Could you please reproduce every record below exactly, leaving out the pictures?

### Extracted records
**********

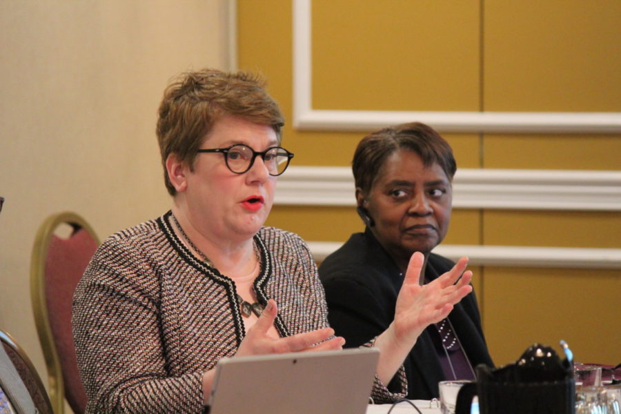 Cindy Kohlmann, co-moderator of the 2018 General Assembly with Vilmarie Cintrón-Olivieribrought greetings to the A Corporation Board on behalf of both co-moderators, as Cintrón-Olivieri was not able to attend because of illness. Kohlmann thanked the A Corporation Board members for their service to the church, saying that the work, while technical, “is about building up the body of Christ.”
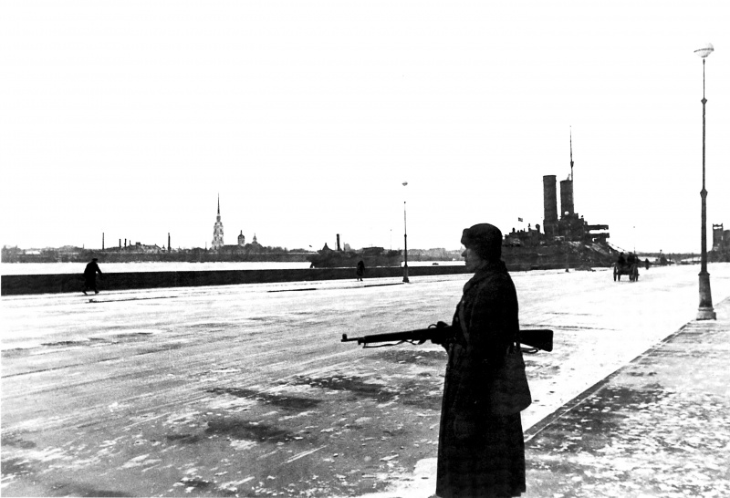 О "Ермаке" я что-то не подумал,не знал что он тоже блокаду переживал на Неве. А часовой-по моему милиционер или из вспомогательных частей-у него кажется тёмная шинель. А винтовка-обычный карабин Мосина. Для СВТ не видно газоотводной трубки.
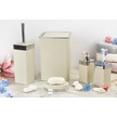 Novahub Akrilik Gümüş Çizgi Krem Rengi 5'li Soft Kare Banyo Takımı Seti Krem Krem
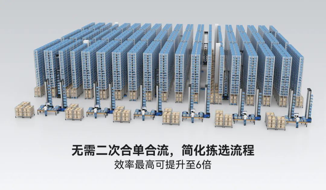 ACR兼容标准箱规零件的拣选,AMR兼容不规则大件的搬运,两种机器人应对不同大小的零部件,做到优势互补,且出库无需额外的合单合流工作,工人只需要在HaiStation工作站前,拣选ACR和AMR送来的零部件,即可在一个工作站完成标准与非标准物料的出库,最高可提升工人6倍工作效率。
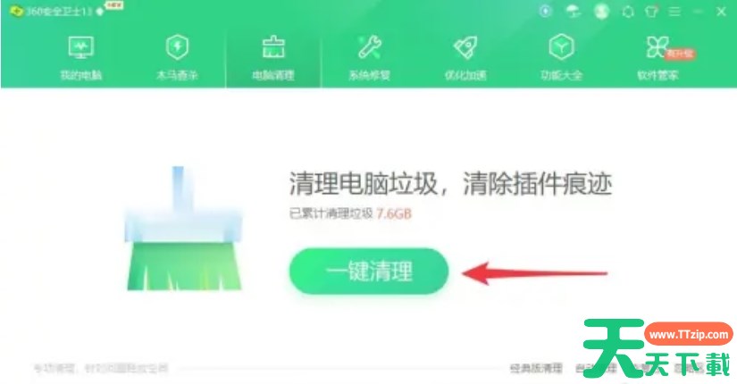 360安全卫士是一款安全软件,可以进行清理垃圾,系统修复,木马查杀,那么360安全卫士怎么一键清理垃圾?360安全卫士一键清理垃圾的方法?下面就让天天下载Ttzip给大家解答下吧!
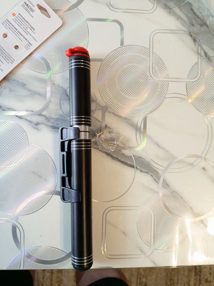 Компактный насос с креплением к раме велосипеда. Подходит для автомобильных (Schrader) и велосипедных (Presta) ниппелей. Шланг спрятан в ручке под красной крышкой, для извлечения из места хранения, необходимо выкрутить его.

**********

### RESULT FOR THIS TASK
 Cindy Kohlmann, co-moderator of the 2018 General Assembly with Vilmarie Cintrón-Olivieribrought greetings to the A Corporation Board on behalf of both co-moderators, as Cintrón-Olivieri was not able to attend because of illness. Kohlmann thanked the A Corporation Board members for their service to the church, saying that the work, while technical, “is about building up the body of Christ.”
 О "Ермаке" я что-то не подумал,не знал что он тоже блокаду переживал на Неве. А часовой-по моему милиционер или из вспомогательных частей-у него кажется тёмная шинель. А винтовка-обычный карабин Мосина. Для СВТ не видно газоотводной трубки.
 Novahub Akrilik Gümüş Çizgi Krem Rengi 5'li Soft Kare Banyo Takımı Seti Krem Krem
 ACR兼容标准箱规零件的拣选,AMR兼容不规则大件的搬运,两种机器人应对不同大小的零部件,做到优势互补,且出库无需额外的合单合流工作,工人只需要在HaiStation工作站前,拣选ACR和AMR送来的零部件,即可在一个工作站完成标准与非标准物料的出库,最高可提升工人6倍工作效率。
 360安全卫士是一款安全软件,可以进行清理垃圾,系统修复,木马查杀,那么360安全卫士怎么一键清理垃圾?360安全卫士一键清理垃圾的方法?下面就让天天下载Ttzip给大家解答下吧!
 Компактный насос с креплением к раме велосипеда. Подходит для автомобильных (Schrader) и велосипедных (Presta) ниппелей. Шланг спрятан в ручке под красной крышкой, для извлечения из места хранения, необходимо выкрутить его.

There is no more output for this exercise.